Question

a screw jack is used to lift a small car. the handle used to turn the screw has a length (radius) of 20 cm. the screw advances 0.5 cm for each full rotation (pitch of the screw). the worker applies an effort force of 150 n at the handle. part b. if the screw actually lifts a load of 4000 n, calculate the actual mechanical advantage (ama) and the efficiency of the screw. show all steps clearly. type response here g: 20,.5,150,4000 u: ama e: s: s:

Explanation:

Step1: Define Actual Mechanical Advantage formula

The formula for Actual Mechanical Advantage (AMA) is $AMA=\frac{Load}{Effort}$.

Step2: Substitute given values

We know that the load $L = 4000\ N$ and the effort $E=150\ N$. So, $AMA=\frac{4000}{150}=\frac{80}{3}\approx26.67$.

Step3: Define Ideal Mechanical Advantage formula

The Ideal Mechanical Advantage (IMA) of a screw - jack is given by $IMA=\frac{2\pi r}{p}$, where $r$ is the radius of the handle and $p$ is the pitch of the screw.

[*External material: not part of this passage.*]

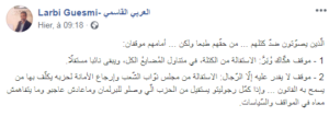 ونشر عضو ملس الشورى في الحركة، العربي القاسمي، تدوينة على موقع “فيسبوك”، قائلا فيها بأن الذين يصوتون ضد كتلتهم أمامهم موقفان، إما الاستقالة من الكتلة في البرلمان، أو الاستقالة من مجلس نواب الشعب وإرجاع الأمانة لحزبه، وفق قوله..

Here, $r = 20\ cm$ and $p=0.5\ cm$. So, $IMA=\frac{2\pi\times20}{0.5}=\frac{40\pi}{0.5}=80\pi\approx251.33$.

Step4: Define efficiency formula

The efficiency $\eta$ of a machine is given by $\eta=\frac{AMA}{IMA}\times100\%$.

Step5: Calculate efficiency

Substitute the values of AMA and IMA into the efficiency formula: $\eta=\frac{\frac{80}{3}}{80\pi}\times100\%=\frac{1}{3\pi}\times100\%\approx\frac{1}{9.42}\times100\%\approx10.62\%$.

Answer:

AMA $\approx26.67$, Efficiency $\approx10.62\%$